How Digital Leaders Apply & Rip Off Band Aids #DigitalTransformation
There’s a pattern when crisis announces itself – your phone keeps on buzzing towards infinity as starts accommodating for – calls, texts, slack messages & voicemails. It was the middle of the night and when my hotel phone rang it was clear that our much-celebrated global release was – the best way to put it – facing difficulties. The call was from the Head of Digital let’s call her Diggy and the message was shortly and simple – “Sagar, our teams in APAC & EMEA are not seeing any orders”.
The only response I could murmur – “That’s half way across the world, but let’s get to work”.
Framing : Moments like these are a trial by fire for leaders & litmus test for business process. The first crucial task of a reported disaster is to use the art of framing to describe the nature of the problem faced by the organization. Frames shape the way we think, from the problem towards potential opportunities and solutions. As the coffee pot started warming up, I kept telling myself we cannot blame the upgrade else the whole digital transformation initiative gets smeared – hope Diggy feels the same way.
Moments later as we connected, Diggy came up with a better frame: “This is a technical problem that we are working to establish causality. In the light of uncertainty, we recommend that teams scale back operations until we satisfy ourselves that the systems are reliable again”.

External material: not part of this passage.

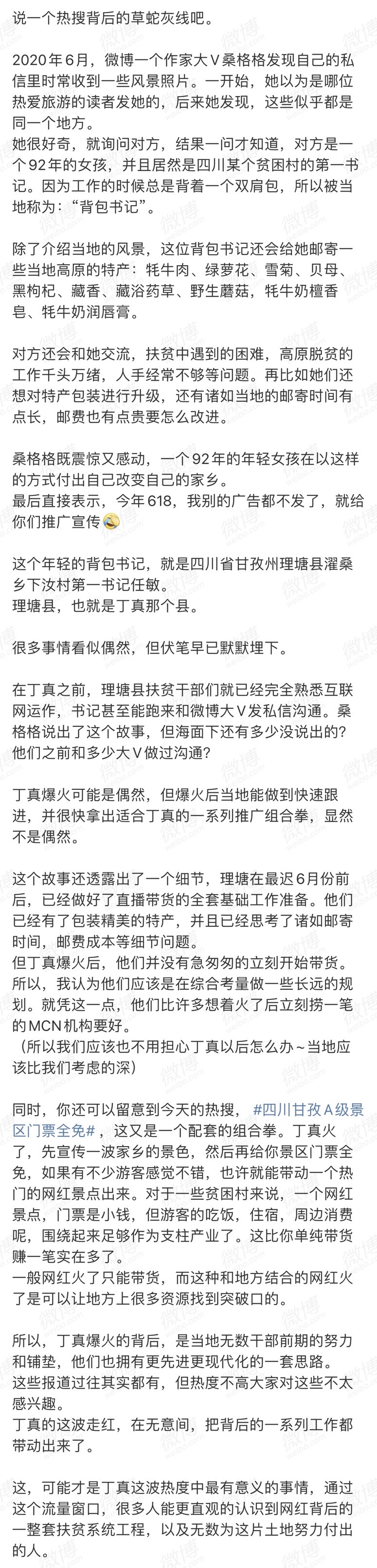 有网友发现,半年前,理塘的一位90后村第一书记已经开始和微博大V围绕当地的风景、扶贫、带货进行沟通交流。随后还有网友评论跟进说,为了通过旅游发展突围,当地曾举办过“最美康巴汉子选拔大赛”;理塘37岁书记驻村一年满头白发;……“你看到满屏的丁真,其实都是脱贫攻坚,国计民生,是无数人的奋斗和汗水。”

Awareness: We humans hate surprises especially when it’s a bad one like the Regional Sales Leader seeing zero orders in the daily sales report. In a radically changing, data -driven business it is important to communicate – “we know” & “we care” when technology fails. The first set of communication was led by Diggy – acknowledging that there is a known issue and providing alternative options to downstream leaders. The second set of communication was led by me to the technology stakeholders and getting on a screen share with regional teams for a first-hand view of the problem.
Just Like A Band – Aid: It’s been an hour now and there were multiple hypothesis thrown about the root cause. With no confirmed causality in sight, dependent teams started to align on an interim solution. As I rattled off with the technical details, Diggy interrupted “in English please”. Paused, sipped a glass of water and explained that our solution frame was simple: Remove the module for new services with an interim module that ensures business critical data are passed between systems.
We retired for the night implementing our band aid and confirming with our ground teams that systems are back to normal. The outage & impacts were estimated and communicated across stakeholders with the confirmation that – “we are back to business as usual”
Expectations Setting: With the interim solution in place its time to define expectations for the business. Going back to the framing board next day, the expectation communicated was – we know the problem we must solve and with the interim fix in place there would be minimal impacts to your business operations. Thanks to our love hate relationship with change, confidence in the transformation has to be always maintained and communicated.
P1 Permanent Solution for the Band-Aid: This crisis has been a huge setback for the vendors, stakeholders and owners of this digital transformation. Diggy’s leadership frame was simple to the team – priority 1 find a permanent solution to the problem without pointing fingers and impacting any other initiatives. Difficult yet effective since everyone from the impactor to the impacted rallied towards solving the crisis at hand.
Rip Off Slow& Steady: With the new solution tested within human possibilities, its time to replace the patch with the permanent solution. Instead of a snap global replace, we opted for a slow and steady region – wise change. Closely coordinated by Diggy and the regional leadership, deployments were evaluated with the ground teams and closed after all custom requirements have been made. It helped contain failures and surprises to a regional level with additional support deployed as required instead of an enterprise -wide breaking news.
Celebrate Success with Documentations: Enterprise capabilities cannot mature without documentations about how it works. A single jolt of failure can bounce them back to using legacy systems. The communications from leadership had been loud and clear – The project closes only after all documentation has been complete.
The key for leaders is to do the hard thinking first and define your framing board. Clearly communicate the need and scope of a band aid to solve the problem in hand. When ripping off slow and steady always wins the pain.